If you saw flying mortarboards anywhere near Palo Alto’s Kehillah Jewish High School last weekend, there was a good reason: On Sunday, June 11, the school’s first-ever graduating class earned their diplomas, flung their headgear into the wild blue, and are now college-bound.

We extend our heartfelt congratulations to Kehillah’s 22 graduating seniors.

And while we’re at it, we offer the same best wishes to the Class of 2006 at San Francisco’s Jewish Community High School of the Bay (its second graduating class) and Lisa Kempner Hebrew Academy.

Mazel tov to all.

Those young adults are living proof that our local Jewish high schools deliver the kind of rigorous education that lands graduates in the nation’s top universities.

But there is a broader message here for the Jewish community as well: To maintain this level of academic success, our local Jewish high schools require continued coordinated support across the board.

With such new quality institutions as JCHS and Kehillah, Jewish parents in the Bay Area should strongly consider enrolling their children. Federations, foundations and private philanthropists should likewise consider increasing their financial assistance.

This is not a scold. Many of those organizations and individuals have already been providing essential financial and material support for the schools. They clearly understand that a good Jewish education lays the groundwork for future leaders of the Jewish community.

Yet Jewish high schools and day schools too often remain underfunded and underenrolled.

The reasons are many. Even with scholarships and subsidies, tuition and other costs make a Jewish private school unaffordable for many parents.

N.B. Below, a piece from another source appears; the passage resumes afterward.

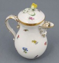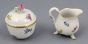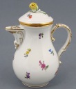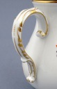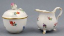 składający się z dzbanka, mlecznika, cukiernicy i sześciu filiżanek z podstawkami. Każdy z elementów z pofalowanym, złoconym rantem kołnierza, a także złoconymi uchwytami przy filiżankach, mleczniku i dzbanku. Na brzuścach wszystkich elementów i w lustrze talerzyków malowane delikatne kwiatki. Dzbanek z szeroką wylewką, rocaillowym uchwytem i wyobloną przykrywką z różyczką na szczycie.

The schools themselves face the same kinds of funding challenges as other nonprofits, which can leave them in the red or dangerously close to it.

For years, leading voices have urged the national Jewish community to make Jewish education priority one. Some have offered expansive proposals, Marshall Plan-like in scope, to make a Jewish education affordable, even free, à la the Birthright Israel program.

We certainly commend that kind of visionary thinking, even if such plans sometimes seem impossibly grand. What’s really important is that the community — locally, regionally and nationally — back up the talk with action.

Everyone seems to agree that Jewish education is, or should be, one of our top priorities. Well then, let’s fund it. A Jewish day school and high school education should be a birthright, too.